Jack Dorsey, CEO of the fintech giant Block, recently executed a radical restructuring by discharging nearly 50% of his workforce, citing a pivot toward an AI-centric corporate model that renders traditional management hierarchies obsolete. The move, which follows a period where Block reported $3 billion in quarterly profit, signals a fundamental shift in how the Silicon Valley veteran views the intersection of human labor and emerging autonomous technologies.
The AI Pivot: Beyond “AI-Washing” Allegations
Addressing critics who suggest the layoffs were merely a correction for pandemic-era overhiring, Dorsey maintains that the decision stems from a technological inflection point reached in late 2023. He explicitly denies “AI-washing,” asserting that Block’s gross profit per employee was already competitive with industry peers. Instead, he points to the sudden sophistication of tools like Anthropic’s Opus 4.6 and OpenAI’s Codex 5.3, which shifted from simple code generation to managing vast, complex codebases.
Dorsey argues that these advancements allow companies to function as “intelligence layers” rather than bureaucratic structures. By integrating AI at the core, Dorsey believes Block can become more proactive, avoiding the “death by irrelevance” that faces firms clinging to 20th-century management models. “I want the company itself to feel like a mini AGI,” Dorsey stated, describing a future where customers “vibe-code” personalized products through an intelligence interface rather than interacting with static features.
Dismantling the 1900s Management Hierarchy
The restructuring aims to eliminate the traditional “command and control” layers that Dorsey identifies as a legacy of the industrial age. In his vision, a modern company should have no management hierarchy whatsoever. Instead, the organization should consist of work artifacts overseen by an intelligence layer that every employee can query and interact with to build intent.
The Metric of Success: Profit Per Employee
While the layoffs appeared cold to some—especially as Dorsey addressed the staff wearing a “LOVE” hat—the CEO insists the move was compassionate and strategic. He claims the severance packages were among the most generous in the market, designed to transition employees while the company maintained a position of financial strength. For Dorsey, the primary metric for the future of work is gross profit per employee, a figure he expects to skyrocket as AI absorbs routine white-collar tasks.
Decentralization and the Fragmented Social Landscape
Beyond Block, Dorsey remains a staunch advocate for open-source protocols, though he admits disappointment with the current state of social media. While he expresses gratitude that Elon Musk took X (formerly Twitter) private to overhaul its business model, he laments the ideological fragmentation the platform has fostered. Dorsey believes the “ultimate downfall” of Twitter was its existence as a centralized company rather than an open protocol.
This commitment to decentralization led to his recent departure from the board of Bluesky. Dorsey revealed that the project, which he originally funded, drifted away from its mission as an open protocol to become a “normal company” with venture capital influence and algorithmic filter bubbles. He remains focused on Bitcoin, not as a general “crypto” play, but as the internet’s native, neutral protocol for value transmission.

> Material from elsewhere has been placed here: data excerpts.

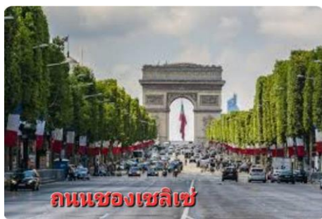
ถนนชองป์เอลิเซ่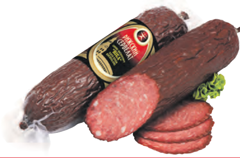
Cervelatwurst "Riga" nach einem lettischen Rezept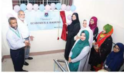
ইকোনোমিক্স এন্ড ব্যাংকিং বিভাগে ফিমেল ১৩ তম ব্যাচ কর্তৃক আয়োজিত "Graduation Ending Ceremony"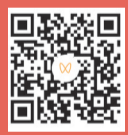
扫码看总决赛现场

24年的等待,上海大鲨鱼用一场荡气回肠的胜利宣告了自己的归来。而真正的考验,才刚刚开始。 本报记者 李元春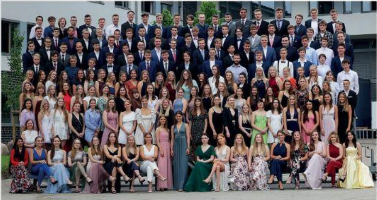
Große Gruppe: 166 Schülerinnen und Schüler bestanden ihr Abitur Am Gymnasium am Kattenberge

Gymnasium Am Kattenberge: Abiturientinnen und Abiturienten erreichen Durchschnittsnote von 2,11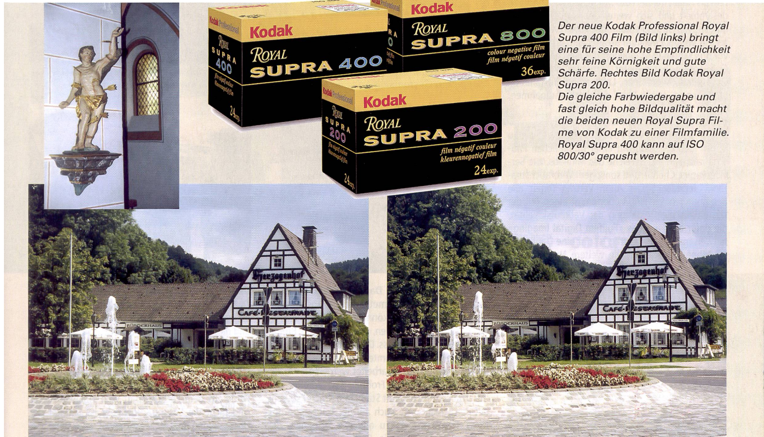
Der neue Kodak Professional Royal Supra 400 Film (Bild links) bringt eine für seine hohe Empfindlichkeit sehr feine Körnigkeit und gute Schärfe. Rechtes Bild Kodak Royal Supra 200.

Beschädigungen und führt zu einer höheren Bildqualität auch beim Scannen. Nicht zuletzt wurde die spektrale Sensibilisierung entspre- chend der Wahrnehmung des menschlichen Auges weiter- entwickelt. Das gleicht der bei Agfas Vista Filmen angewand- ten Technologie. Tatsächlich zeigten erste Tests bei beiden Filmen eine sehr feine Körnig- keit – beim 400er nur gering- fügig strukturierter – und eine hohe Schärfeleistung mit natürlichen Farben bei norma- ler Farbsättigung. Grün und Gelb erscheinen jedoch etwas

An Existential Timeline for Corporate Survival
Dorsey issues a stark warning to other tech leaders: the window for adaptation is closing. He predicts that every organization failing to restructure around an intelligence layer will face an existential crisis within the next 24 months. As AI compounds at an unprecedented rate, Dorsey views the traditional corporate form as a liability.
Despite the upheaval, Dorsey maintains a disciplined personal routine, including an hour of daily meditation to manage the stress of leading a remote, nomadic workforce. His goal is to ensure Block survives the transition into an era where “agency derives from decentralization” and where the very definition of a “company” is being rewritten by code.